Schärding

Politischer Bezirk Schärding, Oberösterreich, Österreich

Land:
Bundesland:
Gemeinde:
Schärding
Bevölkerung:
5 005

Über Schärding

Schärding (help · info) ist eine Stadt im nordösterreichischen Bundesland Oberösterreich, der Hauptstadt des gleichnamigen Bezirks und ein wichtiger Hafen am Inn. Historisch gesehen war es im Besitz der Familie Wittelsbach, was sich in der Architektur der Stadt widerspiegelt.

Zum 1. Januar 2014 hatte es eine Bevölkerung von 4.874.

Geschichte und Funktionen

Die Stadt war bis 1779 im Besitz der bayerischen Familie Wittelsbach. Der Eyewitness Travel Austria Guide beschreibt das Beste an Schärding: den zentralen Platz, an dessen nördlichem Ende sich die Silberzeile mit Satteldachhäusern befindet. Weitere Merkmale sind die große Kirche St. George. Das Schloss ist verschwunden, aber in seinem Eingang befindet sich ein lokales Museum mit religiösen Skulpturen und solchen von Johann Peter Schwanthaler.

Geographie

Die Stadt liegt auf einer Höhe von 313 Metern im Innviertel. Es misst 4,1 km von Nord nach Süd, 1,9 km von West nach Ost. Die Gesamtfläche beträgt 4,08 km². 2,4 Prozent der Fläche sind bewaldet, 31,7 Prozent werden landwirtschaftlich genutzt.

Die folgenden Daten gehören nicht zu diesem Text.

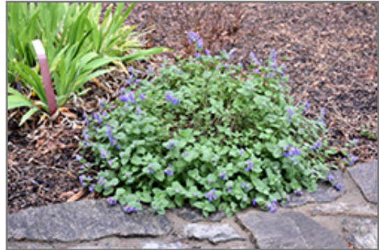
Early Bird Catmint in bloom

Early Bird Catmint is a fine choice for the garden, but it is also a good selection for planting in outdoor pots and containers. It is often used as a 'filler' in the 'spiller-thriller-filler' container combination, providing a mass of flowers against which the thriller plants stand out. Note that when growing plants in outdoor containers and baskets, they may require more frequent waterings than they would in the yard or garden. Be aware that in our climate, most plants cannot be expected to survive the winter if left in containers outdoors, and this plant is no exception. Contact our experts for more information on how to protect it over the winter months.

Der Inn bildet die Grenze zum benachbarten deutschen Bundesland Bayern. Direkt gegenüber der Stadt auf der bayerischen Seite des Flusses liegt Neuhaus am Inn, das über zwei Brücken erreichbar ist.

Geschichte

Das Gebiet um die heutige Stadt ist seit der Jungsteinzeit besiedelt. 15 v. Chr. Rückten die Römer in das Donau- und Innviertel vor und Schärding, ein Teil der römischen Provinz Noricum, wurde von Kelten besiedelt. Um 488 zog König Odoaker seine Truppen nach Süden ab. Die westgermanischen Bayern zogen etwa 30 Jahre später die Donau hinauf und besetzten das Gebiet zwischen Wienerwald und Lech. Ortsnamen, die mit -ing, -ham und -heim enden, weisen deutlich auf den Wechsel der Hände hin. Der Name der Bezirkshauptstadt Scardinga leitet sich von dem Namen ab, den ein Mann namens Skardo und seine Familie der Siedlung gegeben hatten.

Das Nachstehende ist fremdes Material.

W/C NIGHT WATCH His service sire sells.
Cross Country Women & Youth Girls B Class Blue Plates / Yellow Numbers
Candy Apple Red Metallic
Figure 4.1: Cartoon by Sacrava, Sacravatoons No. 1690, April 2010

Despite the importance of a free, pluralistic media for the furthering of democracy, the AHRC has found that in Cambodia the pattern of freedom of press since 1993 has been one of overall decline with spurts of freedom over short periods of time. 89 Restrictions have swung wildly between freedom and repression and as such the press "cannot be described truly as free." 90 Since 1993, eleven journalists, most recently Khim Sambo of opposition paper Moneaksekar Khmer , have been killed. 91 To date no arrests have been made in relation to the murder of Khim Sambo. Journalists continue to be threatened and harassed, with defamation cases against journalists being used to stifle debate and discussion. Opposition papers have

Als Passauer Höflingsbude wurde Schärding 806 erstmals urkundlich als Passauer Höflingsbude erwähnt. Es ist seit dem 10. Jahrhundert das Zentrum des Landkreises der Grafen von Formbach-Neuburg. Der Burgfelsen in unmittelbarer Nähe des Inn wurde frühzeitig als günstige geografische Lage genutzt, um eine Anlage zu pflanzen. Ab 1160 wurde es von den Grafen von Andechs regiert, ab 1248 von der Wittelsbacher Dynastie.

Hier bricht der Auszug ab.